Matthias Droth

Acoustic phonons and spin relaxation in graphene nanoribbons

Phonons are responsible for limiting both the electron mobility and the spin relaxation time in solids and provide a mechanism for thermal transport. In view of a possible transistor function as well as spintronics applications in graphene nanoribbons, we present a theoretical study of acoustic phonons in these nanostructures. Using a two-dimensional continuum model which takes into account the monatomic thickness of graphene, we derive Hermitian wave equations and infer phonon creation and annihilation operators. We elaborate on two types of boundary configuration, which we believe can be realized in experiment: (i) fixed and (ii) free boundaries. The former leads to a gapped phonon dispersion relation, which is beneficial for high electron mobilites and long spin lifetimes. The latter exhibits an ungapped dispersion and a finite sound velocity of out-of-plane modes at the center of the Brillouin zone. In the limit of negligible boundary effects, bulk-like behavior is restored. We also discuss the deformation potential, which in some cases gives the dominant contribution to the spin relaxation rate T_1^{-1}.

Piezoelectricity in planar boron nitride via a geometric phase

Due to their low surface mass density, two-dimensional materials with a strong piezoelectric response are interesting for nanoelectromechanical systems with high force sensitivity. Unlike graphene, the two sublattices in a monolayer of hexagonal boron nitride (hBN) are occupied by different elements, which breaks inversion symmetry and allows for piezoelectricity. This has been confirmed with density functional theory calculations of the piezoelectric constant of hBN. Here, we formulate an entirely analytical derivation of the electronic contribution to the piezoelectric response in this system based on the concepts of strain-induced pseudomagnetic vector potential and the modern theory of polarization that relates the polar moment to the Berry curvature. Our findings agree with the symmetry restrictions expected for the hBN lattice and reproduce well the magnitude of the piezoelectric effect previously obtained ab initio.
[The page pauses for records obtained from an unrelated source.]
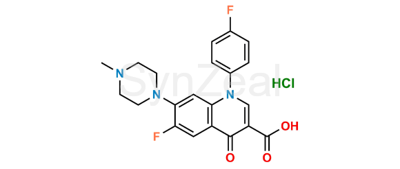 Nome Químico: 6-Fluoro-1-(4-fluorophenyl)-7-(4-methylpiperazin- 1-yl)-4-oxo-1,4-dihydroquinoline-3-carboxylic acid hydrochloride (as per EP)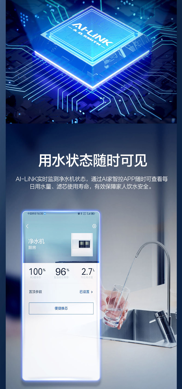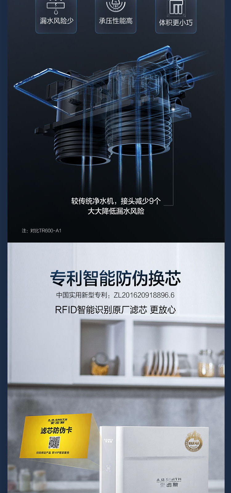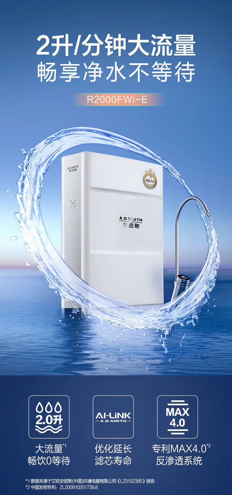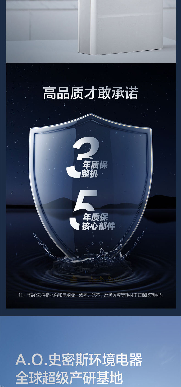 A.O.SMITH 史密斯净水器家用专利4年RO膜反渗透3:1高水效直饮净水机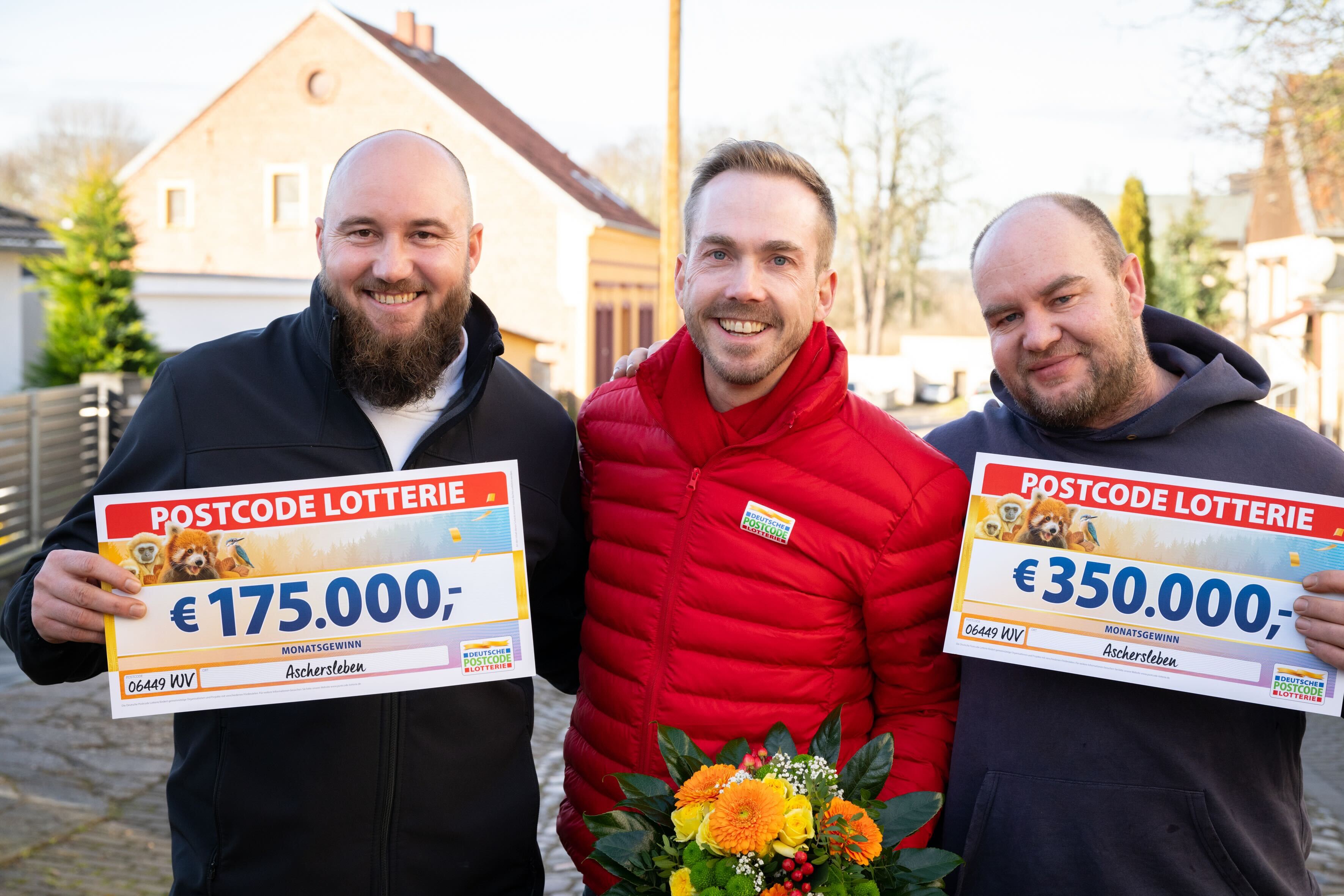 Neben Normen und Patrick freut sich noch eine weitere Nachbarin über einen Gewinn von 175.000 Euro. Und mit den drei Postcode-Gewinner*innen, die sich insgesamt 700.000 Euro teilen, jubelten 433 weitere Glückspilze, deren Postcode zwar nicht gezogen wurde, die aber mit ihren Losen in der dazugehörigen Postleitzahl 06449 teilnehmen. Sie teilen sich mit ihren insgesamt 565 Losen ebenfalls 700.000 Euro, was 1.238 Euro pro Los entspricht. Da einige unter ihnen nicht nur ein Lotterie-Los, sondern zwei oder gar drei besitzen, gewinnen sie auch die doppelte bzw. dreifache Summe. 78 Gewinner*innen dürfen sich somit über 2.476 Euro freuen, 27 über 3.714 Euro.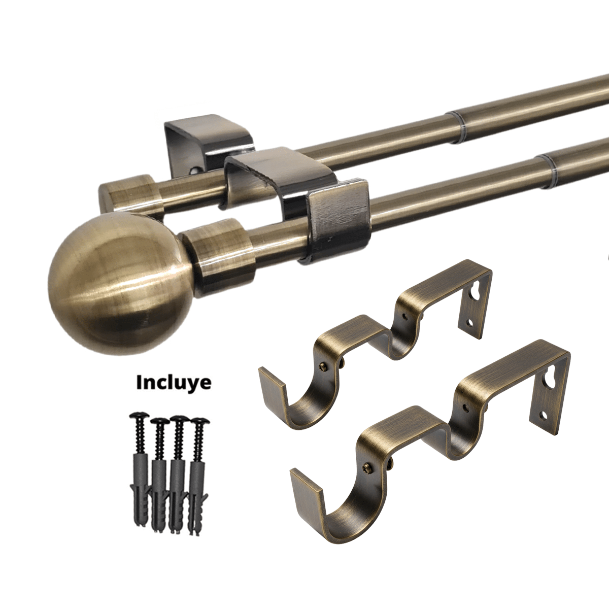 Set Barras para Cortina Doble 16/19 Mm Extensible 170-320 Cm A Muro Bronce Bola

Electron spin relaxation in graphene nanoribbon quantum dots

Graphene is promising as a host material for electron spin qubits because of its predicted potential for long coherence times. In armchair graphene nanoribbons (aGNRs) a small bandgap is opened, allowing for electrically gated quantum dots, and furthermore the valley degeneracy is lifted. The spin lifetime T_1 is limited by spin relaxation, where the Zeeman energy is absorbed by lattice vibrations, mediated by spin-orbit and electron-phonon coupling. We have calculated T_1 by treating all couplings analytically and find that T_1 can be in the range of seconds for several reasons: (i) low phonon density of states away from Van Hove singularities; (ii) destructive interference between two relaxation mechanisms; (iii) Van Vleck cancellation at low magnetic fields; (iv) vanishing coupling to out-of-plane modes in lowest order due to the electronic structure of aGNRs. Owing to the vanishing nuclear spin of 12C, T_1 may be a good measure for overall coherence. These results and recent advances in the controlled production of graphene nanoribbons make this system interesting for spintronics applications.
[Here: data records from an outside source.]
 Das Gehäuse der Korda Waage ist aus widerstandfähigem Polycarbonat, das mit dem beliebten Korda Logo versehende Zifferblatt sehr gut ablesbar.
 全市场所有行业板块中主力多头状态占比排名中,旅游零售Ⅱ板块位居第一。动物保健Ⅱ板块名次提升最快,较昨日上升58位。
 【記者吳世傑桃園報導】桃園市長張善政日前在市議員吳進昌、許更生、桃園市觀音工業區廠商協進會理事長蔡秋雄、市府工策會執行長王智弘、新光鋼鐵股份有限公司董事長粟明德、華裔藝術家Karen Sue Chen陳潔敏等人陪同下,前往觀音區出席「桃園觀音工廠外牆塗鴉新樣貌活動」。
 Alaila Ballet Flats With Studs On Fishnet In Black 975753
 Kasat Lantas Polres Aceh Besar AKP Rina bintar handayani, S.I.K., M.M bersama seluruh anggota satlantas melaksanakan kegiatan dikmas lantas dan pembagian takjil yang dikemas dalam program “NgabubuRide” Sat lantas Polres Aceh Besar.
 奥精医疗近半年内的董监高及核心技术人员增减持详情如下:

Spintronics with graphene quantum dots

Thanks to its intrinsic ability to preserve spin coherence, graphene is a prime material for spintronics. In this review article, we summarize recent achievements related to spintronics in graphene quantum dots and motivate this field from a spintronics and a materials science point of view. We focus on theory but also discuss recent experiments. The main sources of spin decoherence are interactions with lattice excitations and the hyperfine interaction with present nuclear spins. We explain effective spin-phonon coupling in detail and present a generic power law for the spin relaxation time T1 as a function of the magnetic field. For specific cases, we discuss spin relaxation in detail. The Heisenberg exchange interaction is paramount for coherent spin qubit operation and addressed in the context of magnetism in graphene nanoflakes. Nuclear spins in the host and surrounding material can be considered by several means and the influence of C nuclei has been studied in detail. Impressive advances in general spintronics and the fabrication of graphene devices are likely to spark significant advances in spintronics with graphene quantum dots in the near future.
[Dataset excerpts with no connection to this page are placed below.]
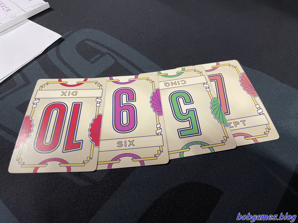 Un jeu en 3 manches. Le but est de conserver les points durement acquis. Comment les acquérir ? En gagnant des plis et en classant nos cartes par dizaines. Si 2 ou plusieurs cartes se suivent, on les élimine. On ne comptabilise en points, dans chaque colonne d’une dizaine, que l’unité la plus basse. Vous n’avez pas compris, regardez la photo ci-dessus. Comment les conserver ? En ne remportant plus de plis qui viendraient chambouler vos points durement acquis.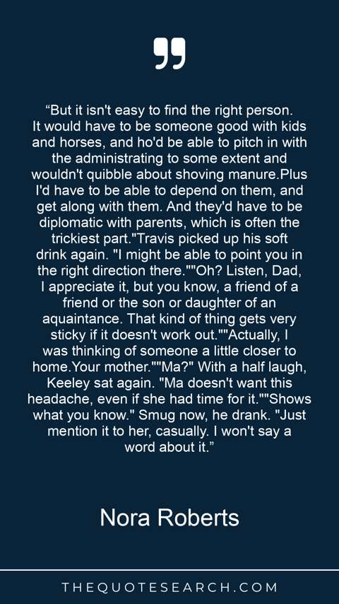 “But it isn't easy to find the right person. It would have to be someone good with kids and horses, and ho'd be able to pitch in with the administrating to some extent and wouldn't quibble about shoving manure.Plus I'd have to be able to depend on them, and get along with them. And they'd have to be diplomatic with parents, which is often the trickiest part."Travis picked up his soft drink again. "I might be able to point you in the right direction there.""Oh? Listen, Dad, I appreciate it, but you know, a friend of a friend or the son or daughter of an aquaintance. That kind of thing gets very sticky if it doesn't work out.""Actually, I was thinking of someone a little closer to home.Your mother.""Ma?" With a half laugh, Keeley sat again. "Ma doesn't want this headache, even if she had time for it.""Shows what you know." Smug now, he drank. "Just mention it to her, casually. I won't say a word about it.”
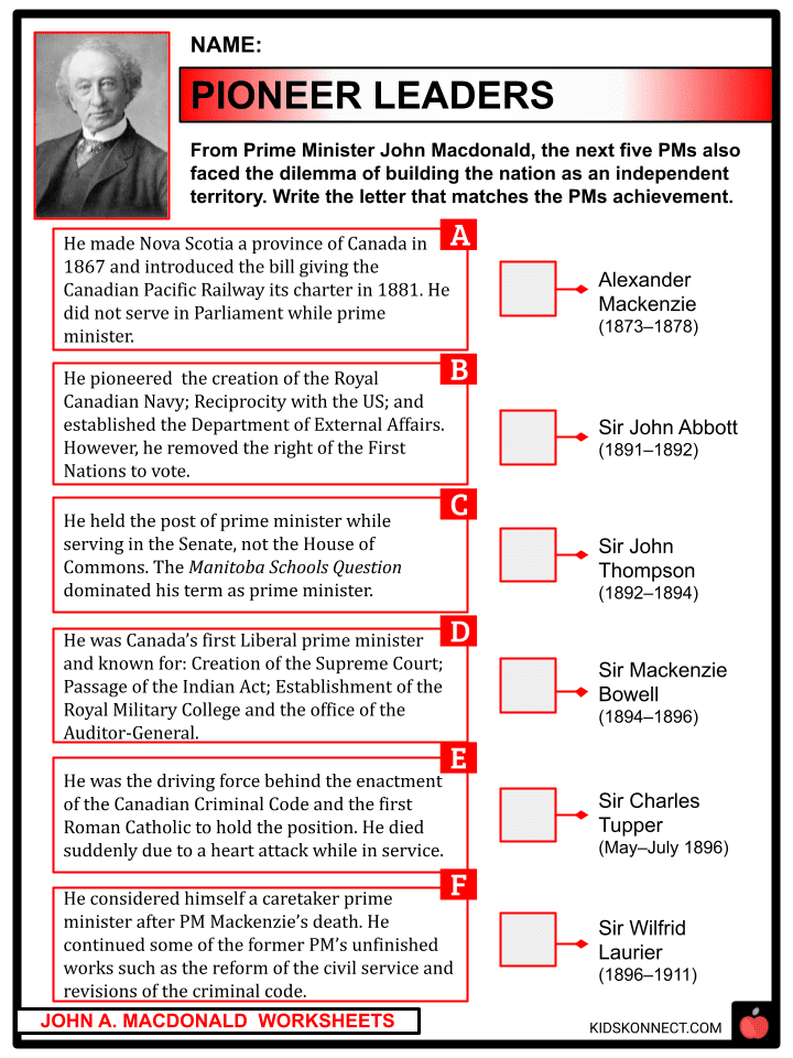Here is the description of "John A. Macdonald" in the context of "Canadian Prime Ministers": John A. Macdonald was born in Scotland in 1815 and immigrated to Canada as a child He became a lawyer and entered politics, serving as prime minister from 1867 to 1873 Macdonald is often considered one of the founding fathers of Canada due to his role in forming Confederation He was instrumental in building the country's infrastructure, including the Canadian Pacific Railway Macdonald served a total of four non-consecutive terms as prime minister, from 1867 to 1873 and again from 1878 to 1891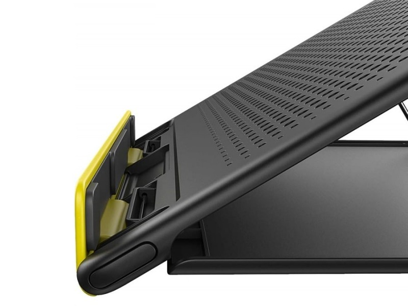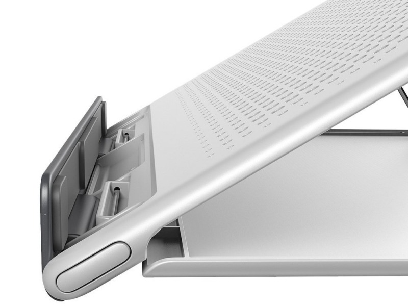 زاویه دار بودن پایه و صفحه ای که لپتاپ روی آن قرار میگیرد ممکن است باعث لغزش لپتاپ شود اما بیسوس برای پیشگیری از این اتفاق در این پایه لپ تاپ، بخشی از استند را از جنس سیلیکون ضد لغزش و نرم ساخته است که وظیفه این بخش، مانع از لغزش لپتاپ بر روی استن می باشد.

Electron-electron attraction in an engineered electromechanical system

Two electrons in a quantum dot repel each other: their interaction can be characterized by a positive interaction energy. From the theory of superconductivity, we also know that mechanical vibrations of the crystal lattice can make the electron-electron interaction attractive. Analogously, if a quantum dot interacts with a mechanical degree of freedom, the effective interaction energy can be negative; that is, the electron-electron interaction might be attractive. In this work, we propose and theoretically study an engineered electromechanical system that exhibits electron-electron attraction: a quantum dot suspended on a nonlinear mechanical resonator, tuned by a bottom and a top gate electrode. We focus on the example of a dot embedded in a suspended graphene ribbon, for which we identify conditions for electron-electron attraction. Our results suggest the possibility of electronic transport via tunneling of packets of multiple electrons in such devices, similar to that in superconducting nanostructures, but without the use of any superconducting elements.